Seeing Sound: Developing a wearable for environmental auditory awareness

Inspired by a previous project, I wanted to take one of our concepts further and develop a truly working edge device which could give the wearer visual indications of their auditory environment.

This personal exploration involved software, hardware, and product design to apply DoA estimation, DSP, and on-device sound classification in the form of wearable smart glasses

Project goal:

Design a wearable device that helps users understand where sounds are coming from in their environment and what those sounds are: combining periphery visual queues, direction-of-arrival (DoA) estimation, and edge ML audio classification.

- hardware

- RP2350A Dual Core Microcontroller
- XMOS XVF3800 voice processor
- WS2812 LEDs
- Infineon MEMS microphones

- software

- C / C++
- Edge Impulse ML
- I2C, I2S, PIO

- materials

- PLA
- cellulose acetate

My takeaways:

This project helped me work through system-level problem solving across embedded programming, PCB design, and product ergonomics.
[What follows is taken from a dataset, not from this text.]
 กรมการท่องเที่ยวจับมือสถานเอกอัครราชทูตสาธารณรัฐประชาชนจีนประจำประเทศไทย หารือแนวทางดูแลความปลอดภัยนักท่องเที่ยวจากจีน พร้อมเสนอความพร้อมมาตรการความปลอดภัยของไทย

Reverse engineering + validation were critical: using a logic analyzer for careful protocol decoding helped me piece apart the XVF3800’s expectations for host processor communication to replicate with the RP2350.

Iterative prototyping - from breadboard, to custom PCB, to wearable casing — I had to ensure functionality translated into a usable form factor by working within the size and weight constraints of the components

There was a lot that went into this project, but here are a few highlights of the process

My start: Reverse Engineering the XVF3800 DevKit for the Pico 2

I began with the XK-VOICE-SQ66 4 microphone evaluation kit, which applies the XMOS XVF3800 voice processor to perform beamforming, mic-array audio processing, and DoA estimation. While the official dev kit used a Raspberry Pi host and linux based host control application, I needed to replicate its functionality on a microcontroller.
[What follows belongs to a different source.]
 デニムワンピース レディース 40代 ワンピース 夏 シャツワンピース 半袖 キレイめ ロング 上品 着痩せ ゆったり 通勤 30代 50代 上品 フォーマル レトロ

- Captured I2C and I2S traffic between the XVF3800 and Raspberry Pi using PulseView and a logic analyzer.

- Logged the command sequences, buffer lengths, and float offsets.
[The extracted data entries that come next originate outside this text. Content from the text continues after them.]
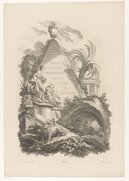 Editor: This is “Bewapend figuur wijst naar een monument in een landschap met Romeinse ruïnes” by Johann Oswald Harms, made in 1673. It appears to be an ink engraving. There’s something almost theatrical about the way the figure points amidst all these ruins. How do you interpret this work? Curator: The means of production are crucial here. Think about the engraver's painstaking labor, using simple tools to transform metal into a printing plate capable of reproducing this image for a wide audience. Notice how the dense network of lines, etched with considerable effort, depicts both grand architecture and natural decay. How does that materiality influence your perception? Editor: It's fascinating to consider the repetitive, almost meditative, work involved. It really makes me appreciate the distribution of this single image and how each print spreads an idea. The decay, and the figure, feels connected to this. Curator: Exactly. Harms presents not only the aesthetic value of ruins but considers their practical use as raw materials, remnants of previous production cycles re-integrated into later ones, even turned into capital via artmaking. Are we really looking at melancholic contemplation or disguised commentary on resource exploitation and cycles of making and unmaking? Editor: So, this isn't just romanticizing ruins, it's looking at what they were made of and what they become, connecting artistic labor, social context, and the lifecycle of materials? That's incredible! Curator: Precisely. Consider also the audience for whom these images were created, how such printed works fueled early forms of tourism, and brought landscapes into private collections for study and admiration. Editor: I see, the consumption and transformation of both resources and visual information become intertwined in this single print. Thanks! Curator: The layers of artistic choices and socio-economic reflections invite an understanding that art embodies so much more than mere aesthetic or historic qualities!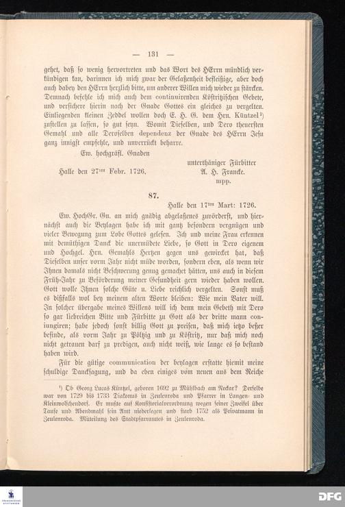 Brief von August Hermann Francke an Maria Eleonore Emilia v. Reuß-Köstritz.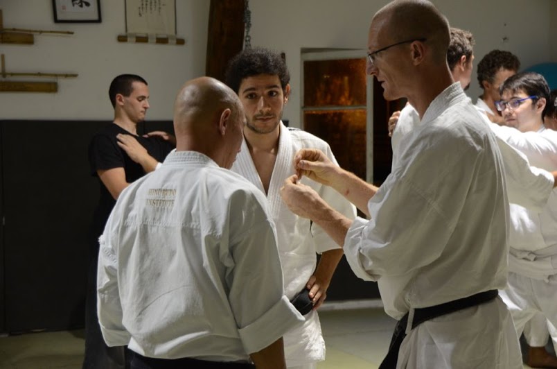 – sur une poussée ou un tsuki (qui touche ou qu’on esquive) on s’enroule le long du bras qui pousse, jusqu’à entraîner Uke en chute (une sorte d’ippon seoi nage, le long de notre clavicule). Hino sensei dit de ne pas reculer, de garder le contact, de le dérouler point par point. Ne pas tirer, ne pas pousser.

- Validated these with the XVF3800 User Guide and source YAML command files.

- Built I2C write and read functions for the Pico 2 which applied these command sequences to retrieve DoA

- Wrote a PIO I2S receiver for the XVF3800 audio stream and for driving the WS2812 LEDs

Machine Learning Integration with Edge Impulse

I was initially thinking to use a TFLMicro application of the YAMNet audio classifier, but I quickly changed to the Edge Impulse platform to build my own audio classifier because they focus on edge deployment specifically and conveniently package your model as a C++ library integration.

With Edge Impulse, I built a lightweight 2-class model (Speech, Not Speech) using MFE features as the impulse (signal preprocessing and feature extraction). I curated my dataset from the larger ESC-50, UrbanSound8K, and Mozilla Common Voice datasets. Following a successful training, I deployed the model as a quantized int8 C++ library optimized for my RP2350.

From the breadboard to a PCB

Once the prototype was validated, I designed my own board around the RP2350A and XVF3800 in KiCad. A big reason I settled on the RP2350A as a host processor besides its capabilities was the substantial documentation and dev community which gave me a lot of guidance for the PCB; the hardware design guide was invaluable. For the XVF3800, much of the hardware design was provided to me through the DevKit schematic and Gerber files- all I had to do was reference them.

I also had to design the supporting PCBs for power delivery and microphone array integration. For the power supply, I referenced the design files for power supply dev board I've often used.

This was my first PCB design with an MCU (or multiple!) so it was a large but exciting learning curve. I learning a lot about impedance and voltage handling, and proper grounding for signal integrity. Testing the manufactured boards for the first time, I was almost half surprised they worked perfectly!

1.) Form Factor: constraints and ergonomics

As I was designing the PCBs, I iterated the design of the frame housing to understand how the components would fit and be integrated comfortably. I imagined a 2 part assembly sandwiching the components in place. An important detail I had to navigate were the hinges; they had to allow the FPCs to pass through while keeping them secure and supporting the full range of motion for the temple.

My biggest concern was the weight and width of the PCBs making the glasses not fit over the ears or press too hard on nose bridge. I eventually found a temple shape which sits the heavier components above and behind the ear- counterbalancing the front and making them feel weightless on the nose. I printed the final internal parts in a matte white PLA (for LED diffusion) and machined the outer parts in a tortoise cellulose acetate.

Thank's for stopping by :)